Simplifying Paysafe’s complex brand architecture

Paysafe’s acquisitions over 20 years helped them become one of the world’s biggest payment platforms. Their portfolio includes every payment technology imaginable — from cash-online pioneers in localised markets, to e-wallets for global traders, and everything in between. And they continue to acquire new businesses.

Growth through acquisition is common in categories with breakneck technological change. But it results in complexity: an impressive array of propositions, but which compete with one another and duplicate operational costs. They can’t realise portfolio value.

Paysafe had 12 CEOs, dozens of brands and offices across 18 countries — all of whom identified historically as different parts of the portfolio. They needed a brand architecture that could unify these parties whilst still recognising their need for independence.

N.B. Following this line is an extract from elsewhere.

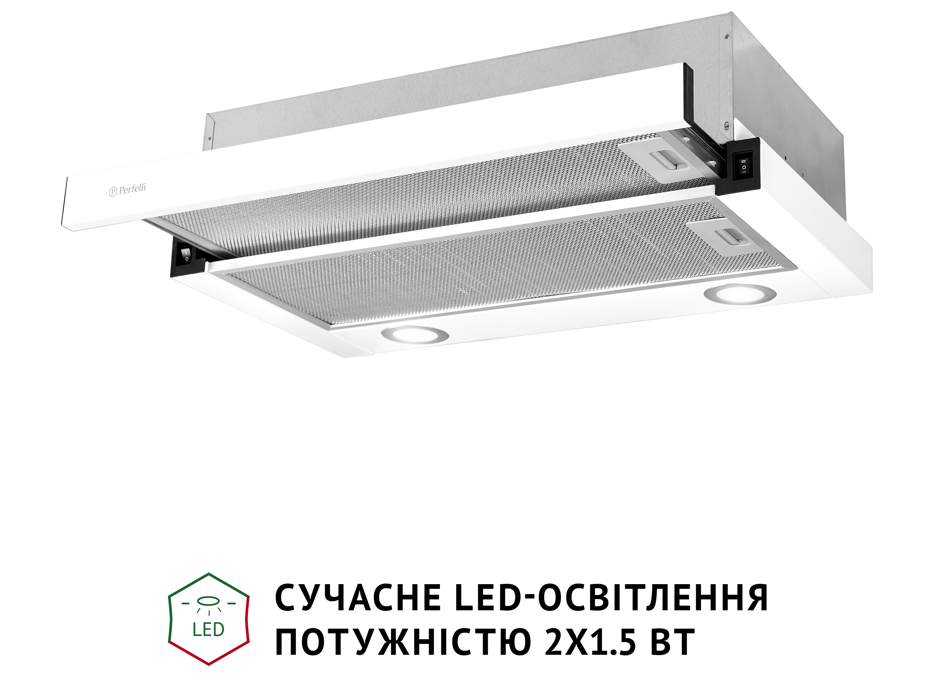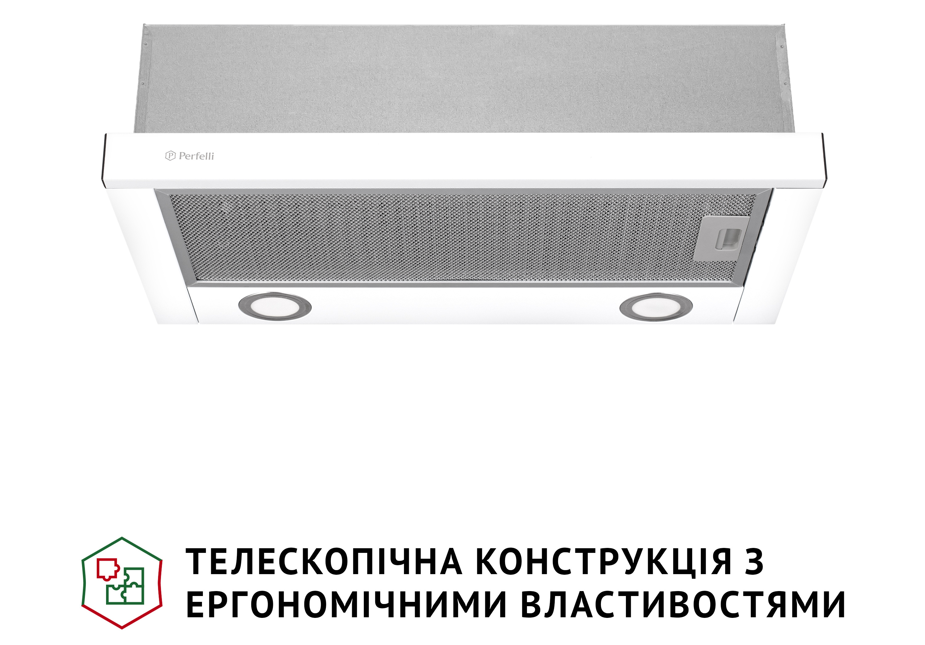 Телескопічна кухонна витяжка Perfelli TL 602 WH LED має ергономічні властивості та дозволяє раціонально використовувати простір над варильною поверхнею. Конфігурація моделі включає:

But how do you create robust architecture that also offers flexibility? In fast-growth categories like payments, the ‘branded house-house of brands’ models developed for FMCG brand management are rigid and slow. And an architecture worked out in advance by lengthy analysis would be out of date by the time implementation comes around. A dynamic business needs a dynamic solution.

So we collaborated closely with the business to identify edge cases, and fleshed out the different aspects of Paysafe’s brand architecture against them: What if the masterbrand launched its own sub-brand? What if we acquire a B2B service for a specific segment of customers? How will we appear to corporate partners?

With each new challenge and solution, we added to a digital brand book. Anyone across the Paysafe Group can read, use and update this resource, clearly understanding their place in the business and their relationship to the masterbrand — even if that changes in future.

The architecture was robust enough to give a grounding for product design. When we came to designing their website, we used the brand architecture to set principles for their product architecture, and how they would communicate to B2B customers via this new digital channel.